= Mel Cheren =

Melvin Cheren (1933 – December 7, 2007) was an American record executive who helped start the Paradise Garage, also known as "Gay-rage", a New York City gay discothèque popular in the 1970s and '80s.

==Early life==
Melvin "Mel" Cheren was born on January 21, 1933, in Everett, Massachusetts, and grew up in the Boston area.

His first job in the music business was in 1959 as salesman for ABC-Paramount Records.

In the 1960s, Cheren joined the Army and served in Germany. In 1964, he was in charge of production for ABC Records. In the 70's, he accepted a position for Scepter and began campaigning with the company to start producing dance music.

==West End Records==
In 1976, Mel Cheren and Ed Kushins founded West End Records, the music label that defined the sound of New York City in the heyday of disco. Cheren created the 12-inch vinyl single, which permitted longer playing time than the standard seven-inch, and which gained its greatest popularity in discos.

==Paradise Garage==
Cheren was business partner and former lover of Michael Brody, who created the Paradise Garage in 1977 with the financial back-up of Cheren. In the 2006 "The Godfather of Disco," a documentary about Cheren, he himself called the Garage "the ultimate expression of the whole fabric" of gay night life.

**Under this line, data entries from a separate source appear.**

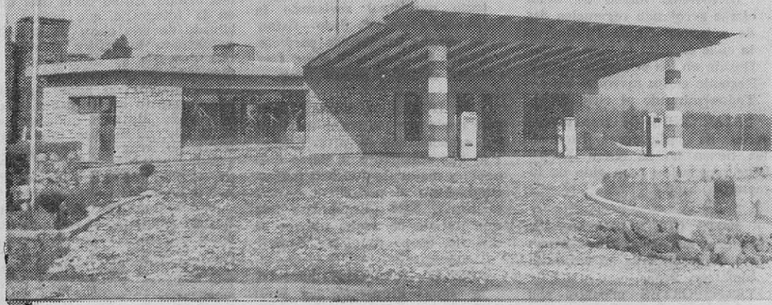
ORENSE.--A nueve kilómetros de la capital, por la carretera de Santiago y Lugo, acaba de ser inaugurada la Estación de Servicio San Cristóbal, en cuya elegante y atrevida visera se emplearon VIGUETAS CASTELO, de Pretensados del Louro, S. L.
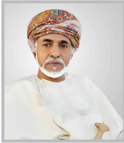
حضرة صاحب الجلالة السلطان قابوس بن سعيد المعظم سلطان عمان
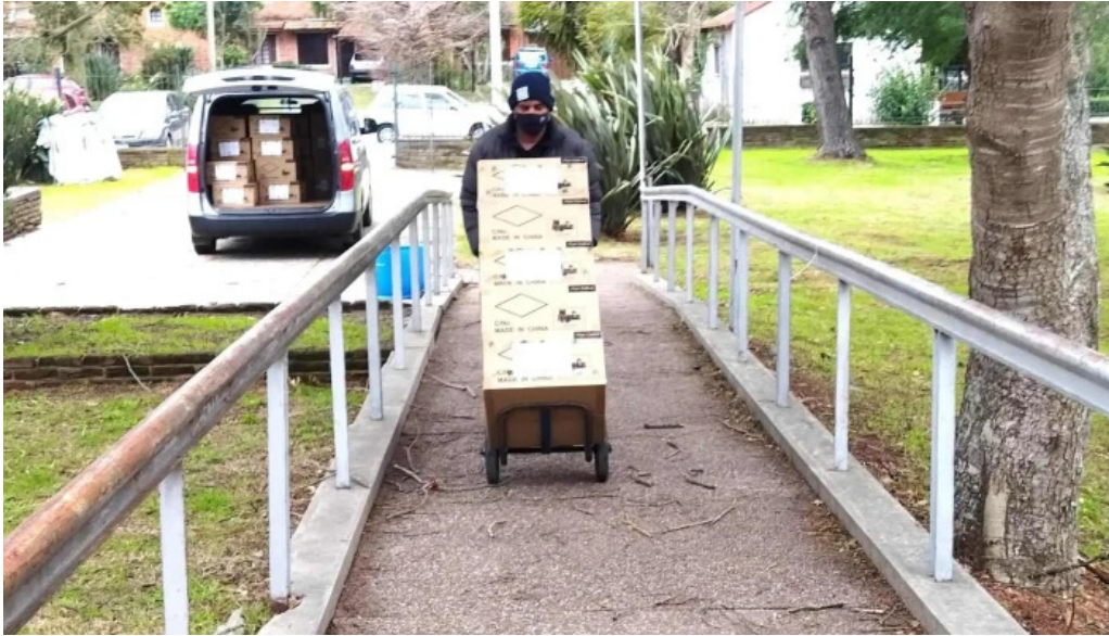
Liceo alvaro figuereo instagram
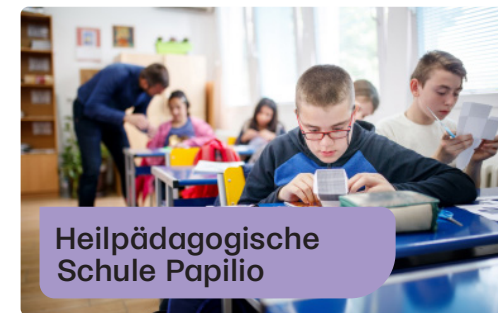
Heilpädagogische Schule Papilio

Das Feedback der Eltern ist durchwegs positiv, wenngleich flexible Strukturen – wie schwankende Präsenzen oder kurzfristige Änderungen – besondere Herausforderungen mit sich bringen.
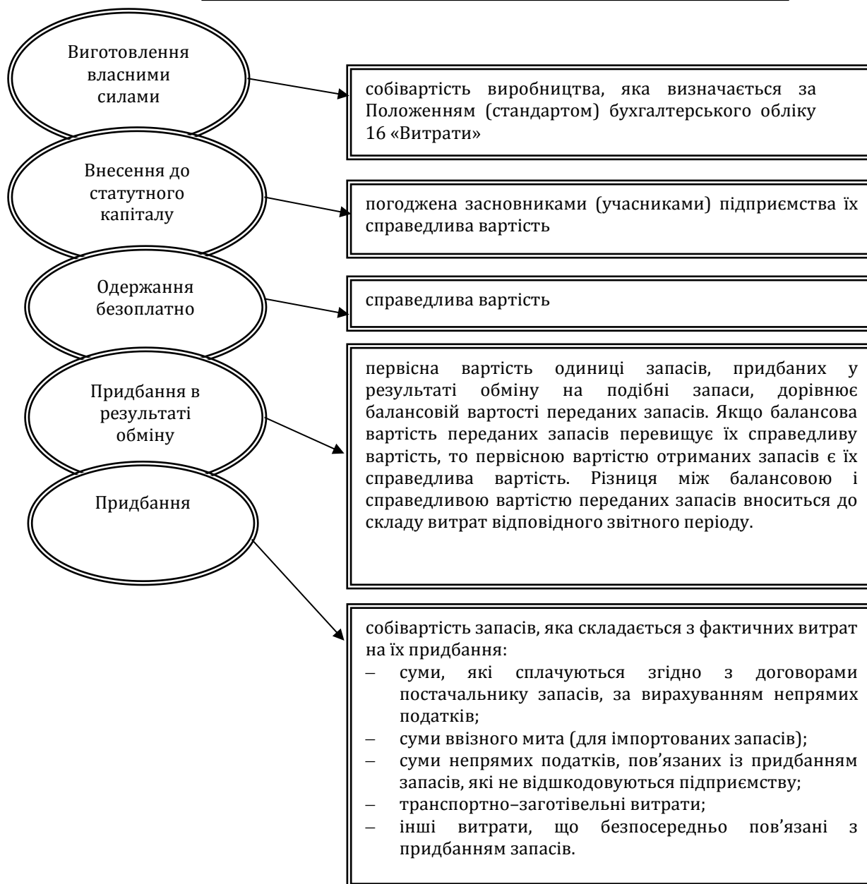
Рис. 1. Формування первісної вартості запасів залежно від джерел їх отримання

Якщо чиста вартість реалізації раніше уцінених запасів на дату балансу збільшується, то на суму цього збільшення, але не більше суми попередньої уцінки, визнається збільшення вартості цих запасів та іншого операційного доходу [5].
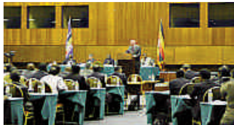
Conférence de Kampala-AIEIA, Page 2
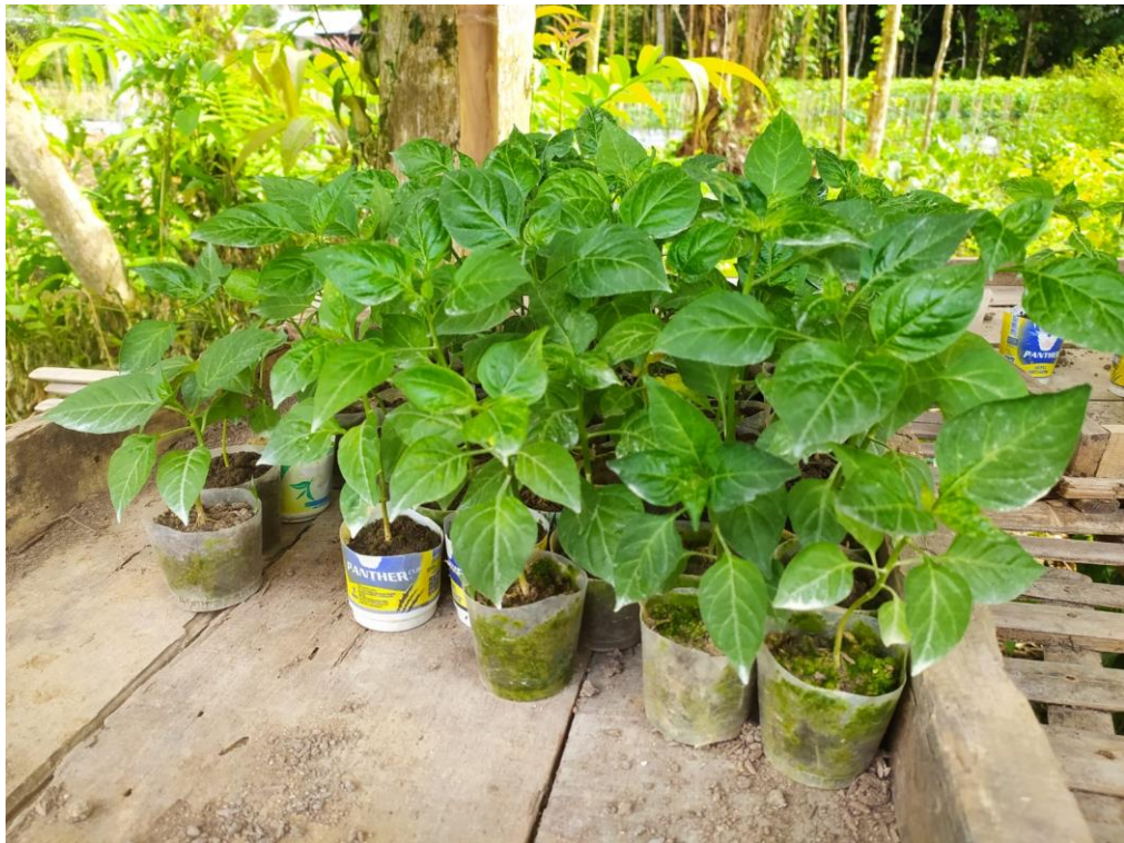
Proses Pembibitan Cabai
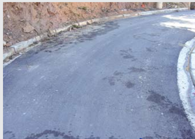
Agora sim: as ruas Rio Iguape (foto à esquerda) e Caminho Omar Bradley (foto à direita), já pavimentadas
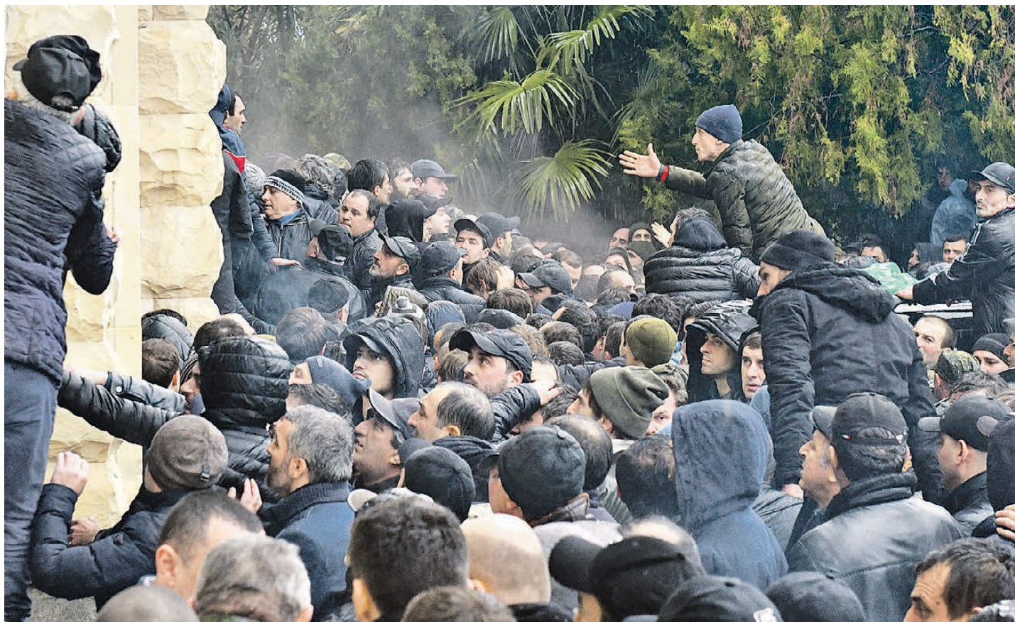
Борис Кудрявов/Экспресс газета
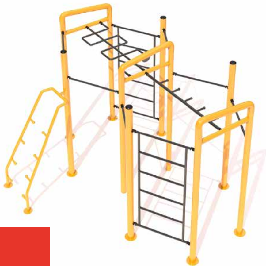
Isla de ejercicio 1 Código INP-CAL17 Acero al carbón, Pintura electrostática Dimensiones: 4 X 3.30 X 2.80 M
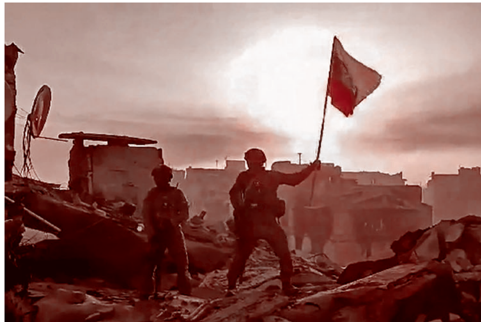
Установка российского флага в честь взятия Артёмовска под контроль ВС РФ

Заявление Пригожина о намерении отступить может быть попыткой ввести
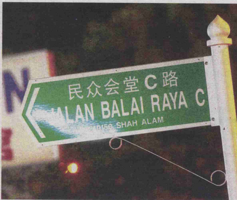
PAPAN tanda jalan bertulisan Cina yang dititahkan oleh Sultan Selangor agar ditanggalkan dan hanya menggunakan bahasa Melayu.
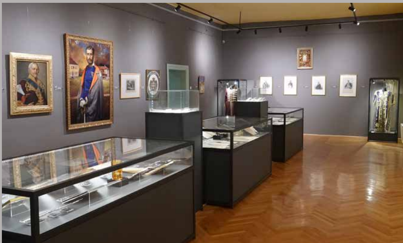
Knez Mihailo. Rođen u Kragujevcu, Narodni muzej Šumadije
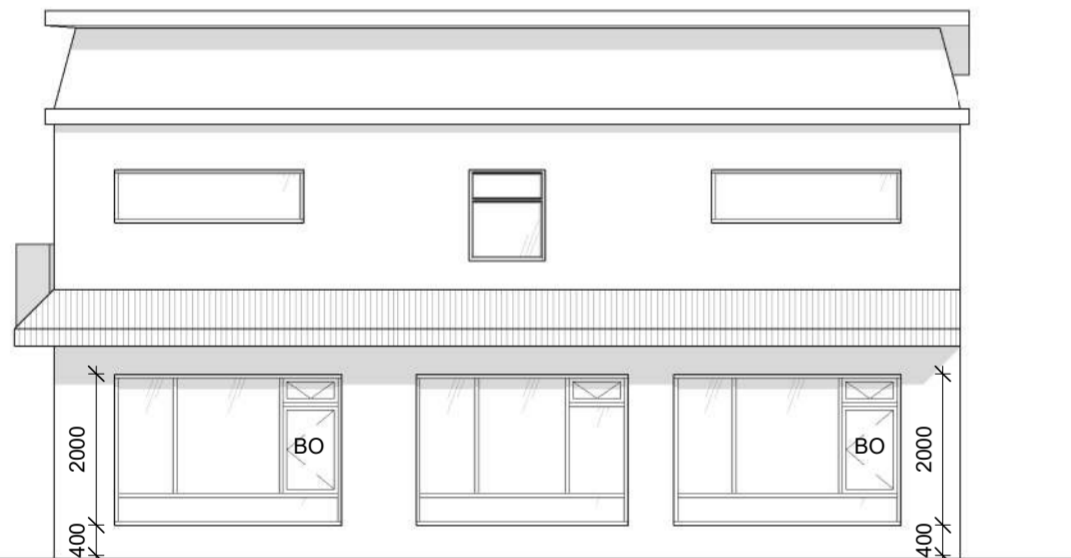
Norðausturhlíð fyrir breytingu. 1 : 100
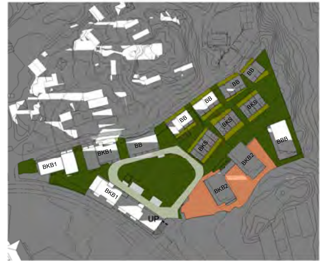
Sol vårjevdøgn kl20.
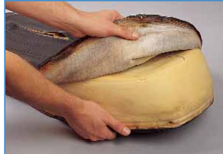
3. Hier „nackisch“ machen.

2. Bevor es dem Bezug an den Kragen geht, schrauben wir alles ab, was uns bei dem Beziehen behindern könnte. Dazu gehören z.B. Halteriemen, Zierleisten, Halter und Gummipuffer an der Unterseite der Sitzbank. An einer Metallgrundplatte müssen meist Blechhaken aufgebogen werden – dazu benutzt man einen Schraubendreher. Sind die Haken erst etwas abgehoben, lässt sich eine Zange zum richtigen Wegbiegen ansetzen. Tackerklammern an einer Kunststoffgrundplatte können mit einem kleinen Schraubendreher abgehoben werden.
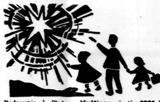
Redaguoja J. Plačas. Medžiagą siūsti: 3206 W. 65th Place, Chicago, IL 60629

ARAS ROOFING Arvydas Klela Dengiams ir telsems visų rūšių stogus Tel. 708-257-0647 Skambinti po 6 v.v.
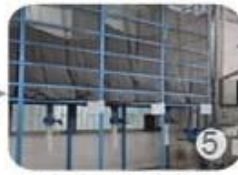
Eps raw material by different density
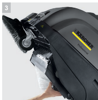
3 Простота обслуживания
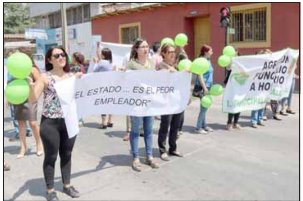
A PROTESTAR.- Con esta manifestación se busca además hacer un gran llamado a los funcionarios a honorarios de las instituciones públicas a unirse y rechazar esta obligatoriedad de pagar imposiciones mientras no se entregue derechos igualitarios.

2. Si bien es cierto el artículo 10 del Estatuto administrativo de funcionarios públicos, permite la contratación sobre la base de honorarios, éstos deben ser contratados para realizar labores accidentales y no habituales o también para prestación de servicios cometidos específicos. Sin embargo, los funcionarios a honorarios pertenecientes al servicio público a nivel nacional, generalmente estamos sujetos a labores permanentes y No Habituales , donde cumplen horario
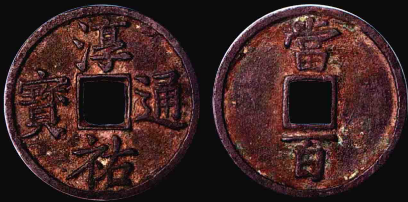
楷書淳 當百大錢 3 000 元
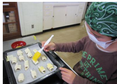
お菓子作りもできますよ☆
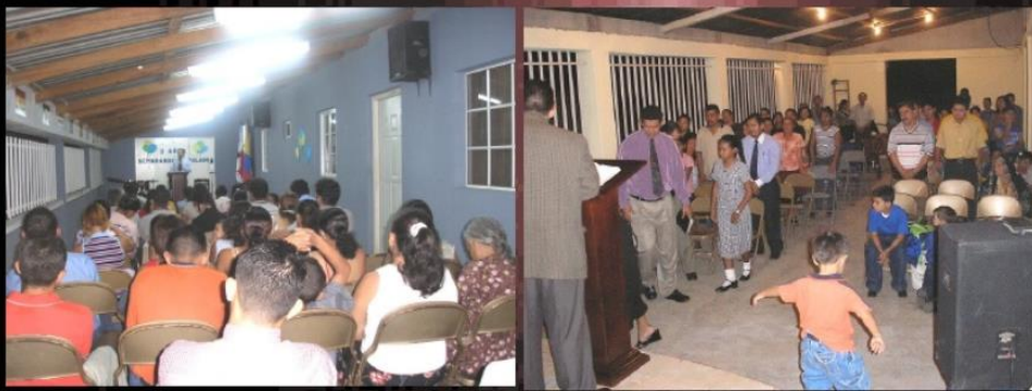
Congregaciones que pastorea la Familia Misionera al 2008. La primera que aparece, es la de la ciudad de San Pedro Sula en la Colonia Montefresco y en cuya misma casa reside la familia misionera. En la segunda se contempla la de Brisas del Valle, que ha ayudado a fundar dos obras más: El Progreso y Pinalejo.
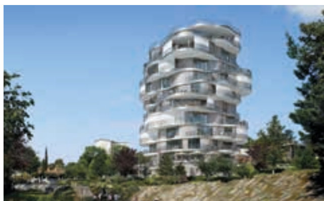
FOLIE DIVINE - MONTPELLIER (34)
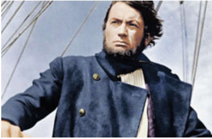
Gregory Peck wäre im April 110 Jahre alt geworden. Ein guter Grund, mit Moby Dick mal wieder einen Filmklassiker zu zeigen

Um Gedenken geht es auch in dem Film, der am Sonntag, 10. Mai, um 18 Uhr startet. Die Organisation „Omas gegen Rechts“ präsentiert

==Gay Men's Health Crisis==
When Rodger McFarlane began a crisis counseling hotline about AIDS in 1982 as a program of the Gay Men's Health Crisis (GMHC) organization, he operated it out of a couple of rooms in a building in Chelsea owned by Mel Cheren. The building subsequently became the first headquarters and office of GMHC, rent-free. In 1984, when GMHC moved to larger quarters, Cheren turned the building into the Colonial House Inn, a 20-room gay-oriented guesthouse where he himself lived until his death.

==24 Hours for Life==
In the late 1980s, Cheren founded the nonprofit group "24 Hours for Life" to raise money for AIDS relief. Through the organization, he published his autobiography, My Life and the Paradise Garage: Keep On Dancin (2000).

==Personal life==
Mel Cheren died on December 7, 2007, from complications associated with AIDS.